◆ TASK DESCRIPTION ◆
Starting with the line that has "Жакет прямого силуэта" in the records below and ending with the line that has "今月はハロウィンで🎃昨年先輩が赤ケイトウを使ってるのを見て狙ってました❤️", output those lines exactly and nothing more; omit the pictures.

++++ DATA

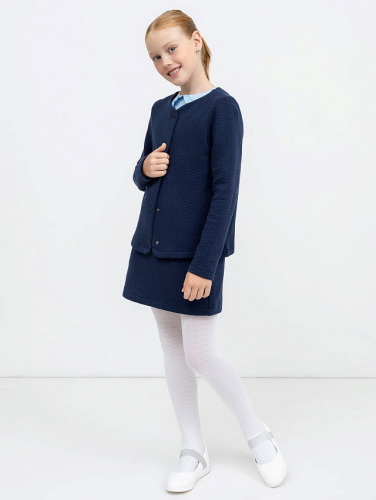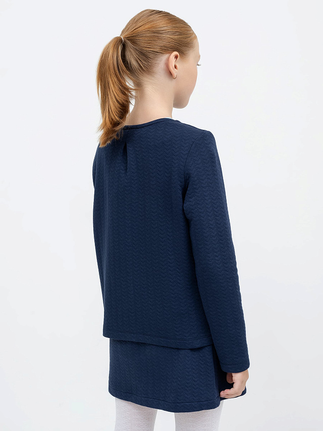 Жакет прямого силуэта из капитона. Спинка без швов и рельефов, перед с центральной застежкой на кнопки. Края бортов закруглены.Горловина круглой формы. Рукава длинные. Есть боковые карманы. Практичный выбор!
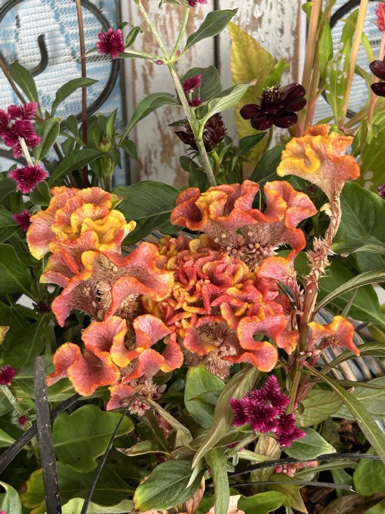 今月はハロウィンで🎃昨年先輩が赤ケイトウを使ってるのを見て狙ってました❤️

++++++++
++++ DATA

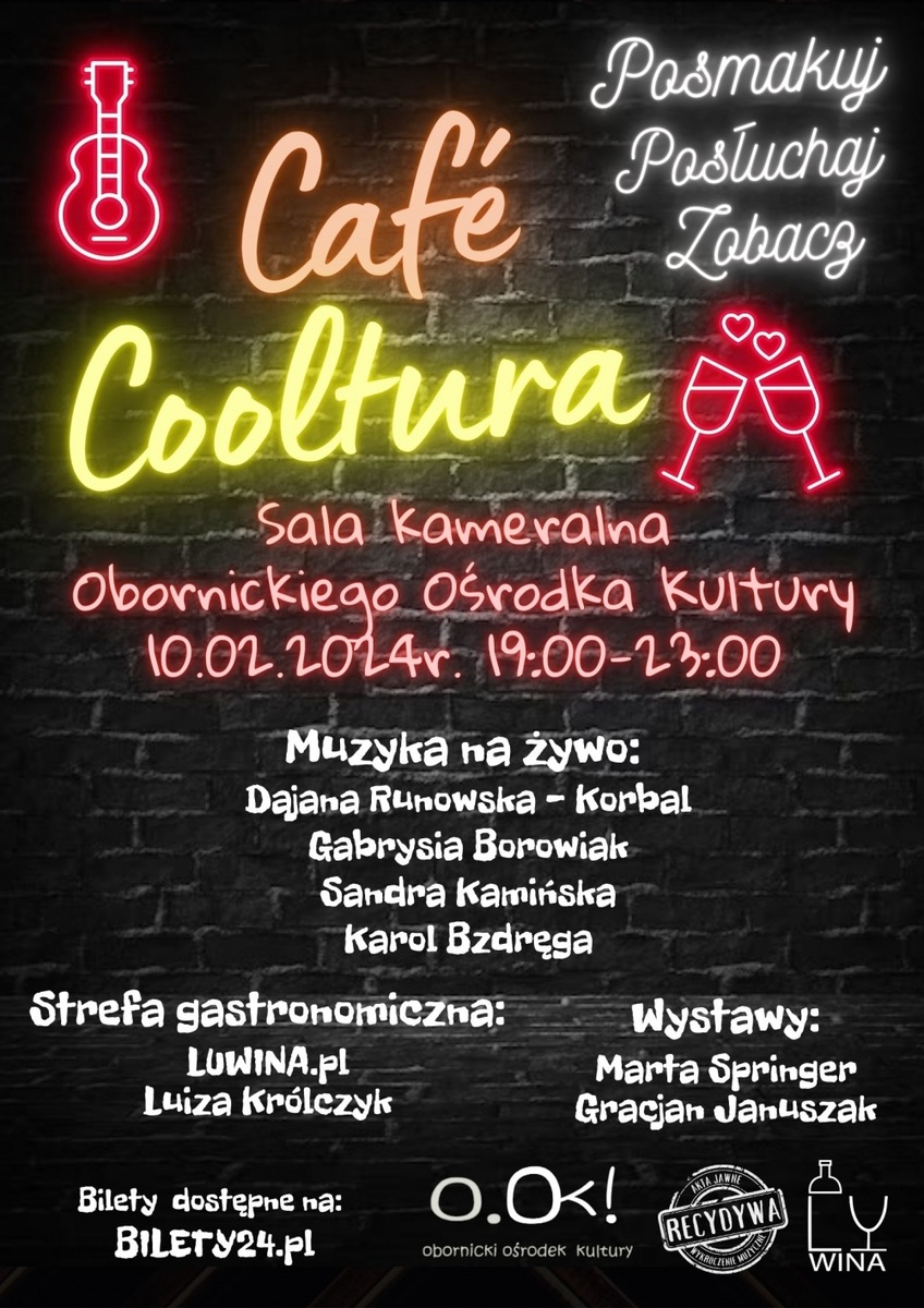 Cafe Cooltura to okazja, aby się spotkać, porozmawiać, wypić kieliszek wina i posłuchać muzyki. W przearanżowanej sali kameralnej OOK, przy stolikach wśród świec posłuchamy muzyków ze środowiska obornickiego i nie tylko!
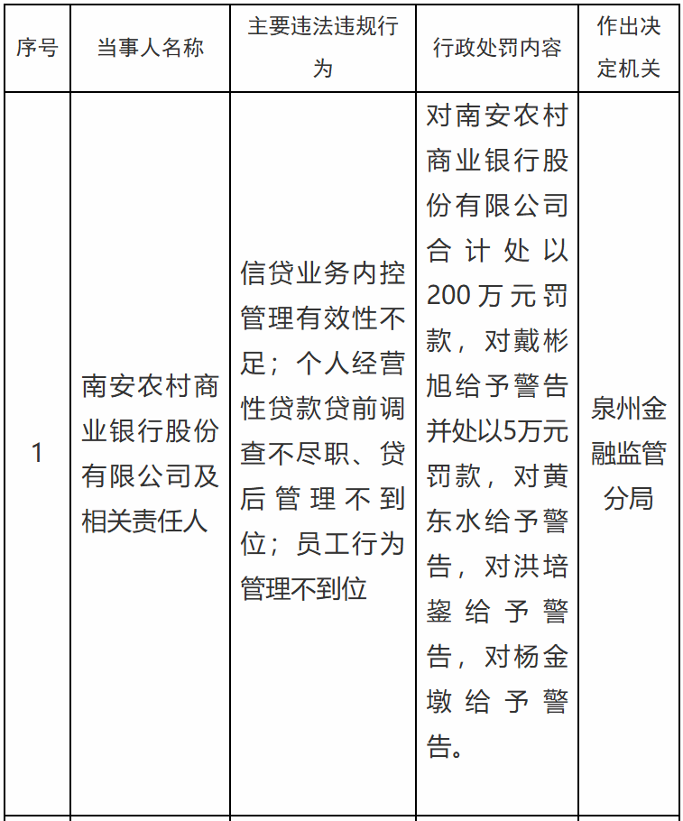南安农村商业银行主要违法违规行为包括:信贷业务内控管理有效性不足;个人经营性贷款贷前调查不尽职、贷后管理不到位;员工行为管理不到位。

++++++++

◆ SOLUTION ◆
 Жакет прямого силуэта из капитона. Спинка без швов и рельефов, перед с центральной застежкой на кнопки. Края бортов закруглены.Горловина круглой формы. Рукава длинные. Есть боковые карманы. Практичный выбор!
 今月はハロウィンで🎃昨年先輩が赤ケイトウを使ってるのを見て狙ってました❤️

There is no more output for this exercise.